In July, Harvard announced it would shut down its Office of BGLTQ Student Life, as well as two other DEI offices. The university did not specify the reason but said it would continue to “embody our commitment to supporting our entire student body.”

Roughly 75 students, organized by the Harvard Undergraduate Queer Advocates (HUQAD) and the Queer Students Association, gathered for the event dressed in black. They wrote messages on rainbow-colored paper cranes and placed them in a coffin marked “RIP.”

“The death of the QuOffice is so much more than the loss of a physical space to be in community together,” said HUQAD co-director Amber Simons in a speech, according to the Harvard Crimson. “It represents the silencing and erasure of queer voices.”

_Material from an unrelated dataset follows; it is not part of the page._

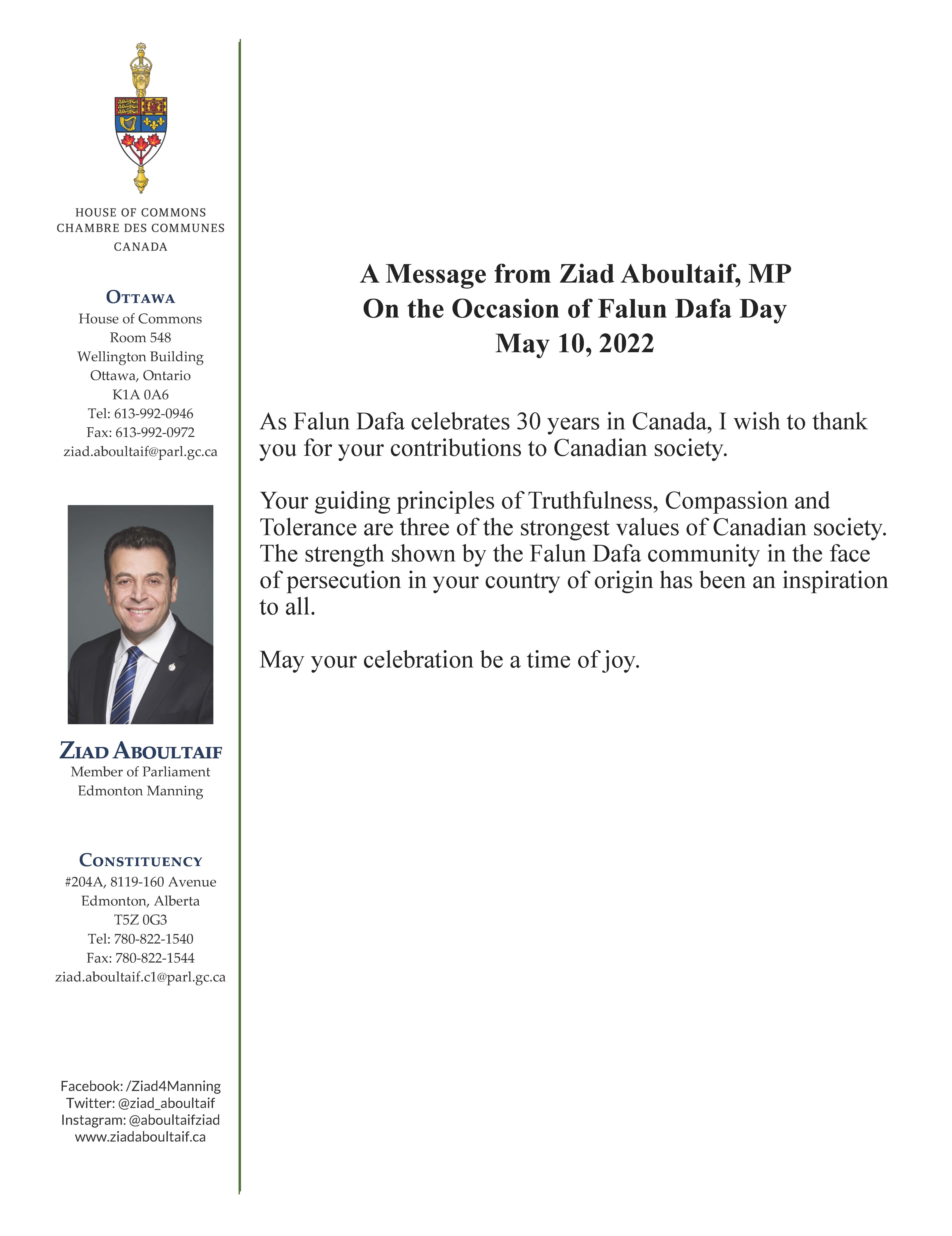埃德蒙顿曼宁选区国会议员阿布尔泰夫(Ziad Aboultaif)高度赞扬法轮大法,“你们遵循的真、善、忍原则是加拿大社会三个最强的价值观。法轮大法学员在中国遭受迫害中所展现出来的坚强力量鼓舞着所有的人。法轮大法传世30周年之际,我感谢你们对加拿大社会所作出的贡献。”

HUQAD co-director Hannah Niederriter said the office had been an essential hub for queer students. “It meant a lot to me and to many people in our community to have physical recognition for our space,” she said. “I met some of my dearest friends through the QuOffice, and I was so fortunate to have found a place that encouraged me to embrace my queer identity loudly.”

Harvard lecturer Caroline Light, director of undergraduate studies in the Women, Gender and Sexuality department, delivered the final eulogy while dressed in all black with a “southern widow hat.”

“Our QuOffice, as we’ve heard, was far from perfect, but it was beloved by many,” Light said. “It stood for something powerful: the radical idea that LGBTQ+ students deserve not just to survive at Harvard, but to find community — to find care and joy.”

“While the QuOffice may be gone, queer students remain as loud, fabulous, and stubbornly visible as ever. May the memory of the QuOffice be a blessing and an inspiration to us, and may its ghost continue to haunt those who would mistake cowardice for neutrality,” she added.